I grew up in a snake loving family. We seemed to always have pet snakes, including a 12 foot boa constrictor. I’m always happy to see snakes in the garden, which happens quite frequently. I see lots of garden snakes, some ribbon snakes, and we have a fairly good sized milk snakes that I see occasionally in the garage.

Here in Maine, we have no venomous snakes. Where I grew up in Ohio we had copperheads, which we saw occasionally. In Colombia, where I spent most of my childhood, we had a fair number of venomous snakes, including one called the Quatro Narizes (Bothrops asper), which is a highly venomous pit viper. I remember seeing one when we were hiking once.
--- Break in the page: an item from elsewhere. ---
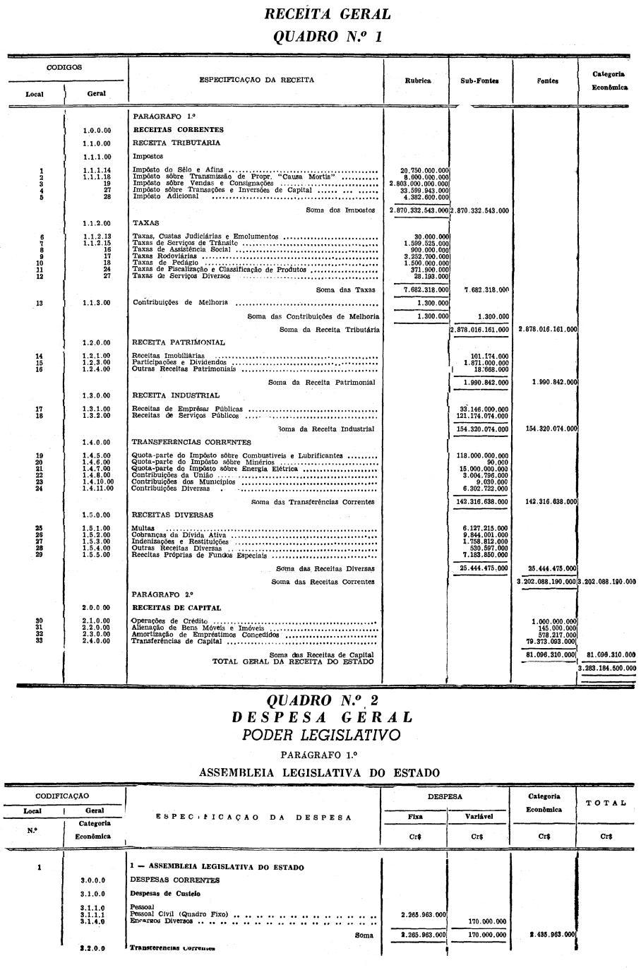 Artigo 1.º - O Orçamento Geral do Estado, para o

We have a good number of snakes here in the gardens, I see them daily. I’m always trying to keep the cats away from them as they like to catch the smaller ones. The chickens will also catch them and eat them if they see them.
There’s a three foot garden snake that lives under one of my raised beds in the back garden, I see it once a week or so. Snakes are so beneficial to our gardens, it’s too bad lots of people have aversions to them and kill them when they see them. Luckily, I think the wide knowledge of their beneficial nature of them is helping make those with fears leave them alone instead of killing them.

Do you have snakes in your garden? How often do you see them?
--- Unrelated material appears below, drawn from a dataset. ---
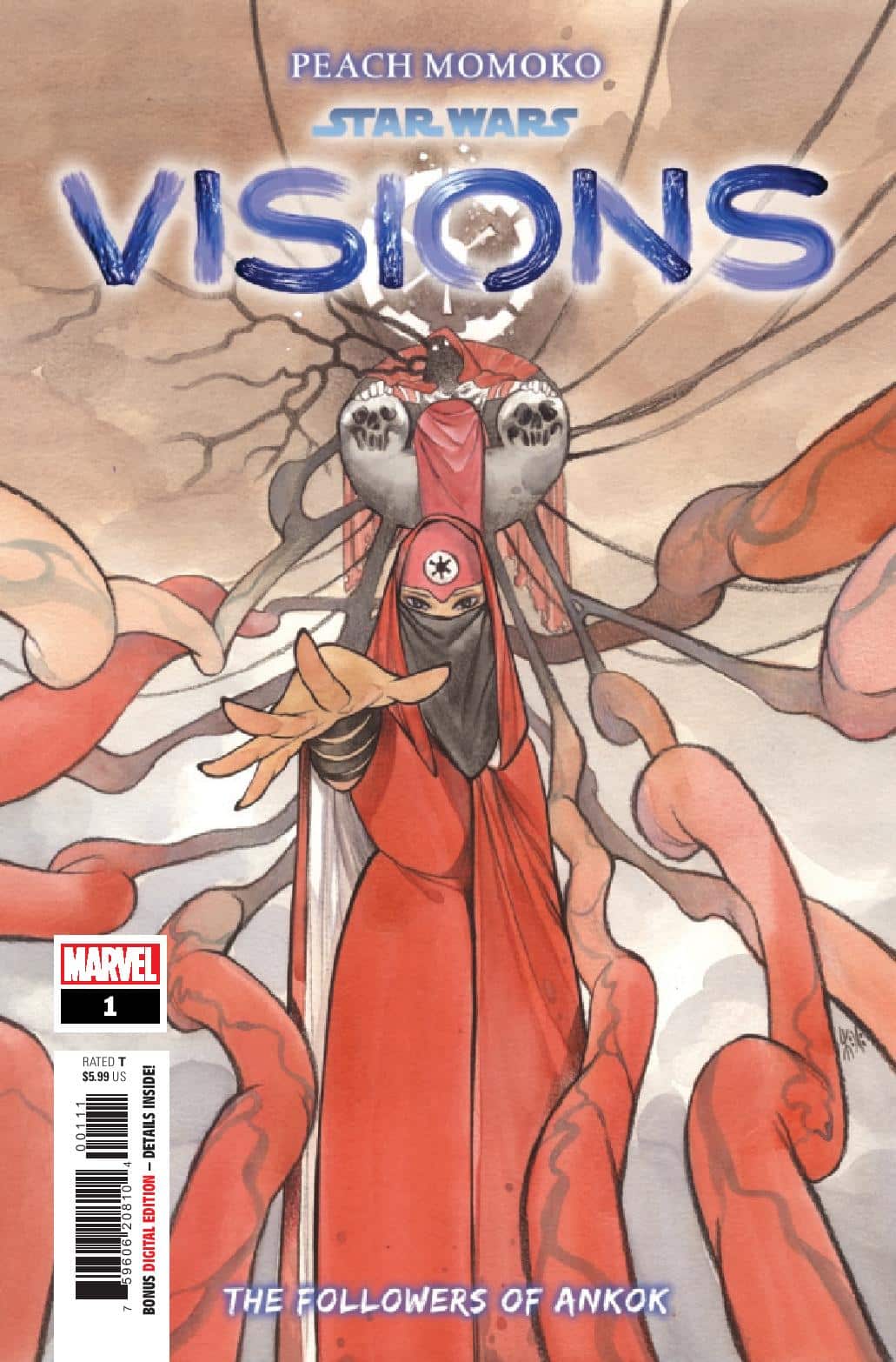 Star Wars: Visions #1 is an interesting comic. Wordless, it relies on Peach Momoko‘s beautiful art to convey the story. At its cory, the story is easy to understand. There’s a cult leader who is abusing their power and two individuals stand against them. But, beyond that general sense, it’s a little hard to figure out the specifics.

6 Comments to “Friday Favorite: Snakes”
  1. PennyAshevilleNC on June 29, 2018 at 8:16 am

    I have been desperately trying to lure/keep/encourage snakes in our yard this and last summer to no avail. I have a giant field mouse under the shed (never seen with another mouse or babies or anything) that needs to go.
    My husband saved me a black snake, but shortly after he brought it home, our neighbor started tearing up his backyard so it isn’t around anymore.

    It’s such a bummer.

    Reply to PennyAshevilleNC's comment

    • Susy on June 29, 2018 at 8:24 am

      I’ve had great luck bringing them in when I use lots of cardboard as mulch in the garden (usually under hay or compost). I think they like the dampness and they love it because it also attracts salamanders and crickets, which they’ll feast on. Maybe try that.
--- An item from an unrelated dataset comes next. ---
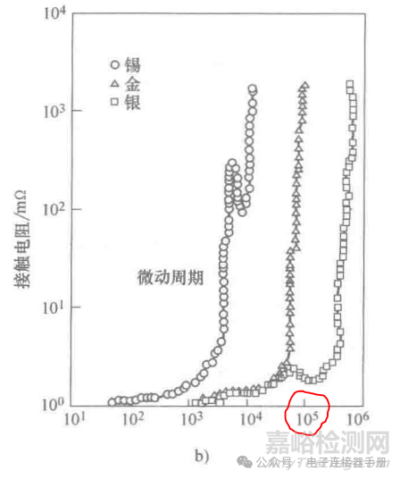 對比上圖試驗結果,銀鍍層和銀鍍層配合時,剛好滿足LV214標準的微動壽命要求,錫鍍層與錫鍍層,或者金鍍層與金鍍層配,都無法滿足LV214的微動壽命100000次要求。三種配對中,錫和錫對配時,微動效果是最差的!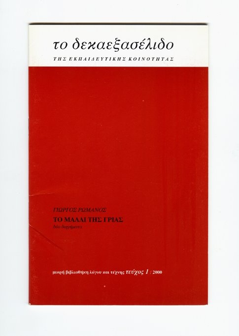 Από τους Έλληνες, για μένα έχει διαχρονικό χαρακτήρα ο Παπαδιαμάντης, κι έτσι επανέρχομαι με όλο και πιο απαιτητικούς αναγνωστικούς κύκλους, αλλά και γραπτή μελέτη, στη Φόνισσα και σε διηγήματα όπως στο Έρωτας στα χιόνια, Έρωτας στο κύμα και πολλά άλλα. Τα κριτήριά μου συγκροτούνται πάντοτε πάνω στην ενδιάθετη, πηγαία και τελικά αξεπέραστη μαστοριά του Σκιαθίτη συγγραφέα. Για τους ίδιους λόγους ξεχωρίζω τον Αιχμάλωτο, του Στρατή Δούκα, τους Κεκαρμένους, του Ν. Κάσδαγλη, το Φύλλο το Πηγάδι και τ’ Αγγέλιασμα, του Βασιλικού, τις Αγελάδες, και το Βάραθρο, του Ε. Χ. Γονατά, κ.α.

      Reply to Susy's comment

      • PennyAshevilleNC on July 2, 2018 at 8:11 am

        Oh- that makes sense, Thanks!!

        to PennyAshevilleNC's comment

  2. Misti on June 29, 2018 at 11:17 am

    We have an assortment of snakes in our garden. Just last week I saw a 4′ Texas rat snake in the garden and then a ribbon snake and another smaller garden snake that I can’t place the name of at the moment.

    We’ve had a couple of coral snakes as well as hognose snakes. For being on the water I’m surprised we’ve not seen moccasins but the potential is there.

    We like the snakes and definitely have to keep the ferals from killing them.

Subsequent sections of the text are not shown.